Legambiente: no a nuovi impianti idroelettrici in VdA

Il circolo Legambiente della Valle d’Aosta ha inviato una lettera aperta dal presidente della Regione autonoma Valle d’Aosta, al ministro dello Sviluppo economicoe al  Ministro dell’Ambiente.

Al centro il decreto riguardante gli incentivi agli impianti di produzione di energia da fonte rinnovabile.
La richiesta è che siano seguite due linee di principio: innanzitutto che gli incentivi destinati al settore dell’idroelettrico siano attribuiti  ai grandi impianti storici (perché possano procedere alla realizzazione delle opere di ammodernamento e di efficientamento di cui necessitano) e ai piccoli impianti che i Comuni potranno costruire sugli acquedotti e sulle condotte esistenti e che i Consorzi di miglioramento fondiario vorranno realizzare sugli impianti di irrigazione esistenti.
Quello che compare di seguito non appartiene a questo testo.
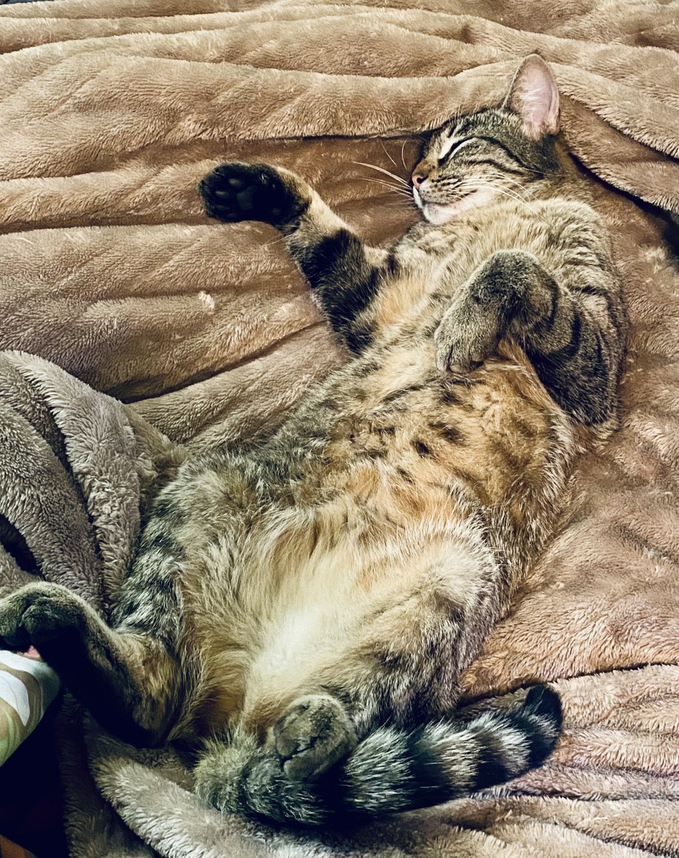 Polly was adopted from the Mendocino Coast Humane Society in 2024 and has been living the spoiled life ever since. She enjoys chasing around her adopted kitty sisters and yelling at her mom for snuggles.
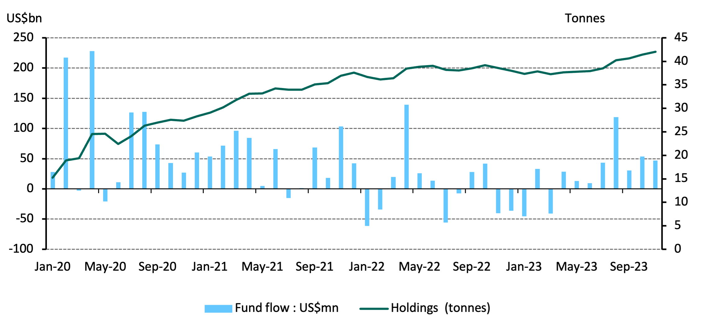 Indian gold ETFs continue to attract inflows. November marks the eighth consecutive month of net inflows, although lower than October inflows by US$6.6mn (12.3%). Fund inflows (net) totalled US$46.6mn at the end of November 2023. Y-t-d, Indian ETFs have recorded net inflows of US$289mn, a more than fourfold increase from the net inflows of US$69mn in the comparable period of 2022, reflecting the growing investor interest in gold that has been supported by its strong price performance.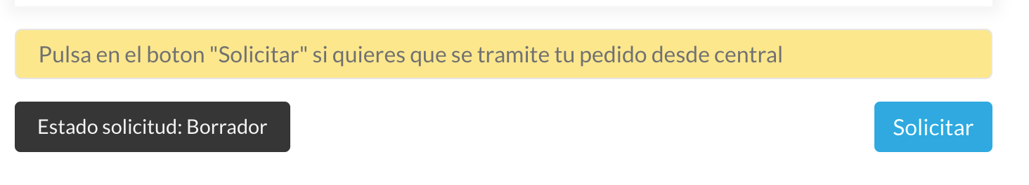 Estas solicitudes ya se podrán tramitar desde la central. Puedes volver al estado borrador para modificarla siempre y cuando no se haya tramitado en un pedido de central.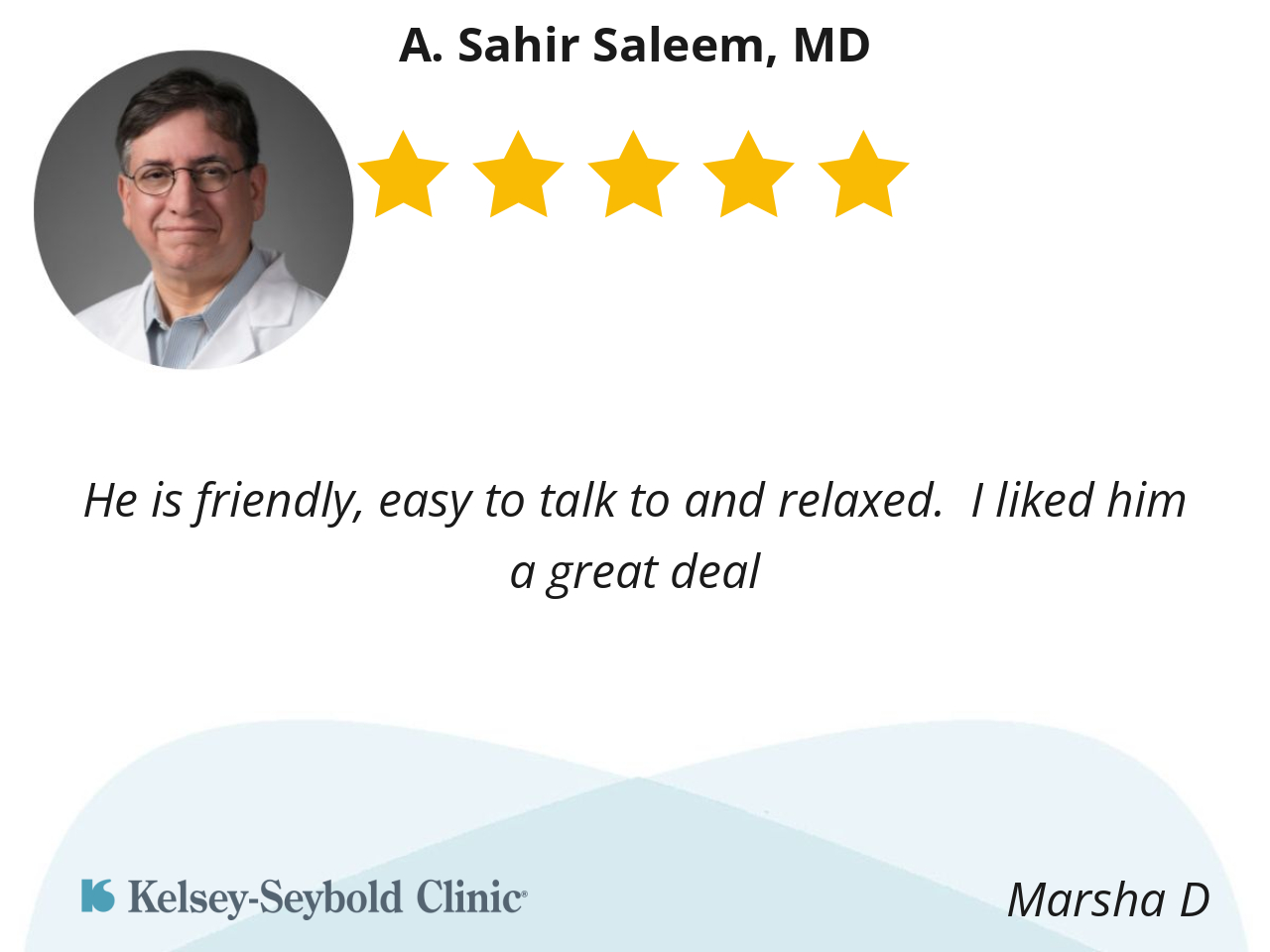 Dr. Saleem is extremly kind, patient, and knowledgeable. In my opinion, he is easy to talk to and wants to work with you to achieve the best outcome.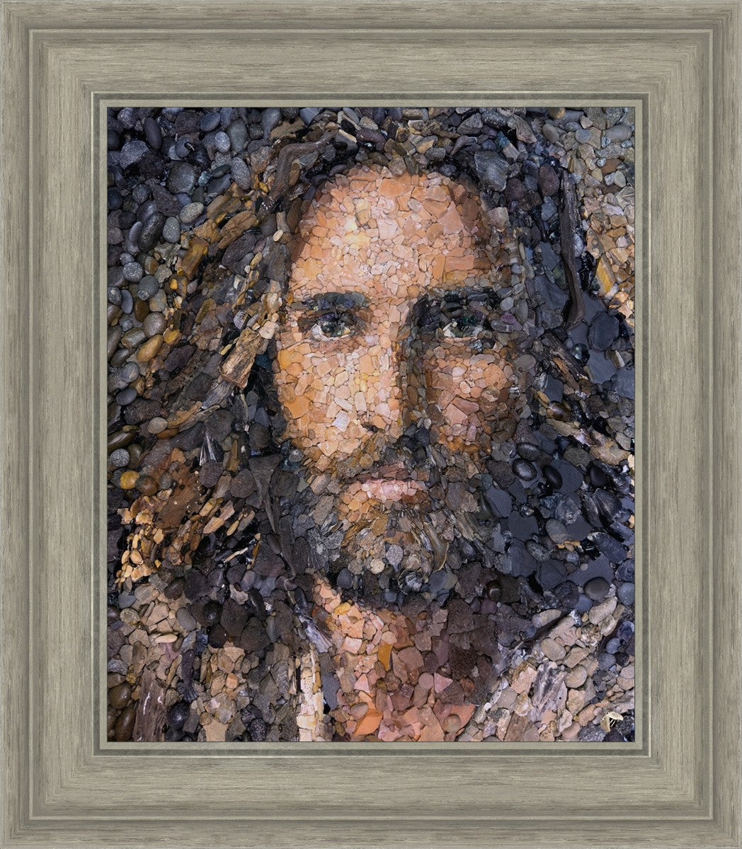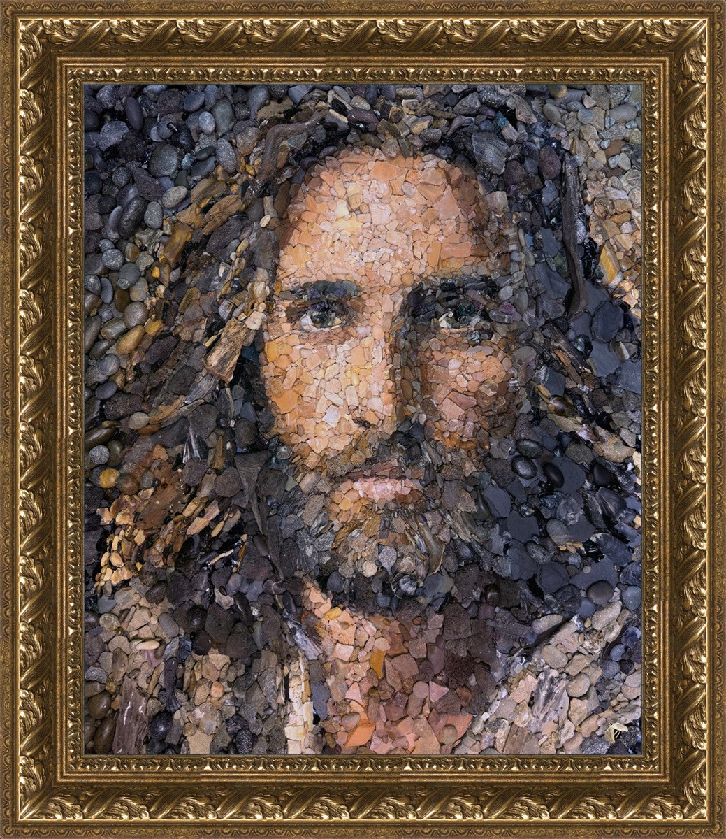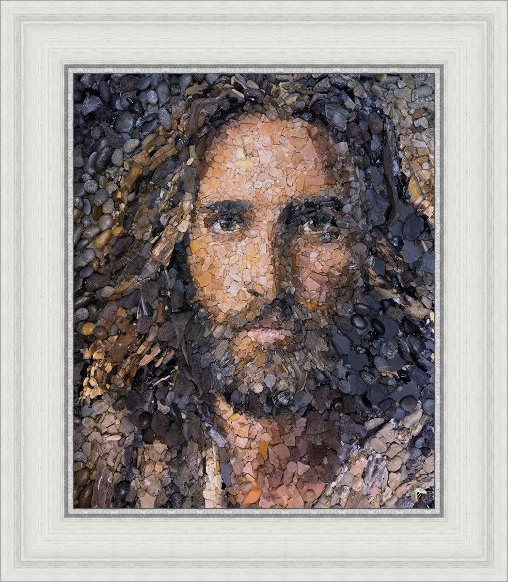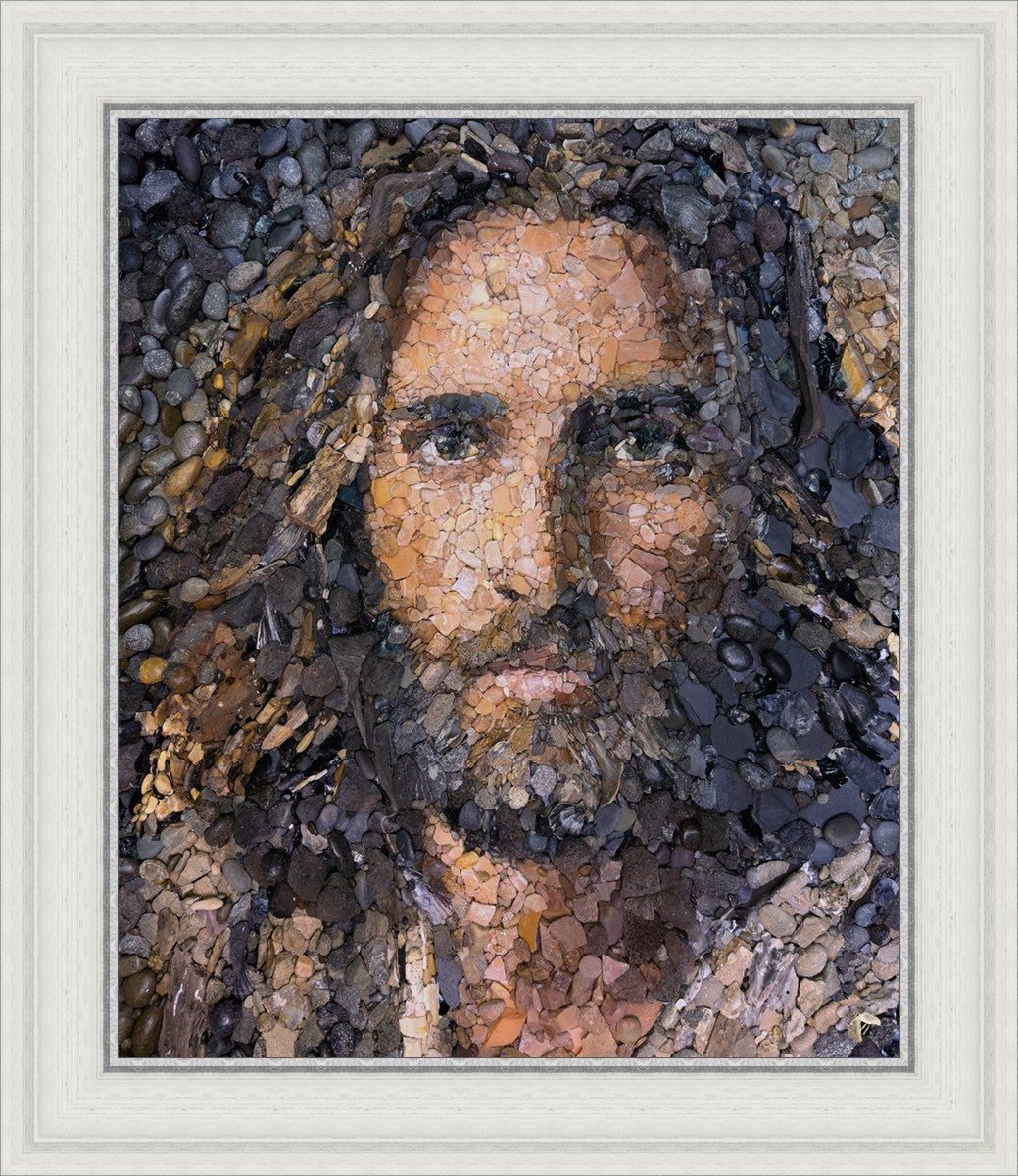 "A Sure Foundation" by Shelby Stroud is a remarkable portrait of Jesus created from a collage of stones, wood, and other earth elements, symbolizing strength and steadfastness. This unique artwork by Shelby Stroud is perfect for Christian homes and spaces, offering a powerful visual representation of faith and resilience.

Secondariamento che non siano attribuiti incentivi a futuri piccoli impianti, non ancora costruiti, che andrebbero a sottrarre le acque ai torrenti ancora allo stato naturale.
Legambiente si riferisce ai torrenti di alta montagna “che costituiscono una risorsa ambientale preziosa per le comunità locali che basano la loro economia sul turismo”e sostiene che produrrebbero una “quantità irrisoria di energia a fronte di impatti spesso severi“. L’invito è a “evitare di incorrere nella procedura di infrazione europea per il mancato rispetto della Direttiva Quadro Acque“.
Legambiente suggerisce anche alcune riflessioni: “Considerato che continueranno comunque a ricevere gli incentivi tutti gli impianti idroelettrici oggi funzionanti per tutti gli anni previsti (20) e considerato che l’attuale ingente spesa (1 miliardo l’anno) continuerà a ricadere ogni anno sui contribuenti attraverso il pagamento delle bollette, riteniamo opportuno che i nuovi stanziamenti aggiuntivi siano finalizzati in modo mirato a promuovere le nuove tecnologie più efficienti e le modalità di produzione di energia che presentano un maggiore spazio di sviluppo in modo compatibile con l’ambiente“. Il Circolo ricorda che “la Valle d’Aosta dà un notevole contributo alla produzione di energia idroelettrica con i grandi e vecchi impianti collegati alle dighe storiche. Negli ultimi 10 anni si sono aggiunti numerosi piccoli impianti ad acqua fluente che hanno derivato le acque di tutti i torrenti della regione con un notevole impatto ambientale, al punto che dal 2012 e fino ad oggi l’Amministrazione regionale ha deliberato una moratoria delle nuove domande di concessione, per salvaguardare gli ultimi corsi d’acqua rimasti allo stato naturale“.
Nei giorni precedenti l’incontro della Conferenza Stato-Regioni nel corso della quale il decreto è stato illustrato, Legambiente avea attaccato il precedente assessore alle Attività produttive, Stefano Aggravi, sostenendo che aveva chiesto la reintroduzione degli incentivi. “Gli emendamenti che avevo presentato – spiega Aggravi – erano in linea con quelli di Altro Adige, Trentino, Lombardia e Veneto e avevano la finalità di riequilibrare la peculiarità alpina di produzione di energia idroeletrica rispettoai più favoriti impianti eolici e fotovoltaici. Un emendamento chiedeva di tenere in considerazione la stagionalità con la quale, in Valle d’Aosta, possono essere effettuati i lavori edili“. Poco di politico, specifica Aggravi: “Gli emendamenti sonos tati proposti dai tecncii, dopo un’analisi del documento proposto dal Governo e delle possibilità di migliorarlo a tutela dell’idroelettrico valdostano“.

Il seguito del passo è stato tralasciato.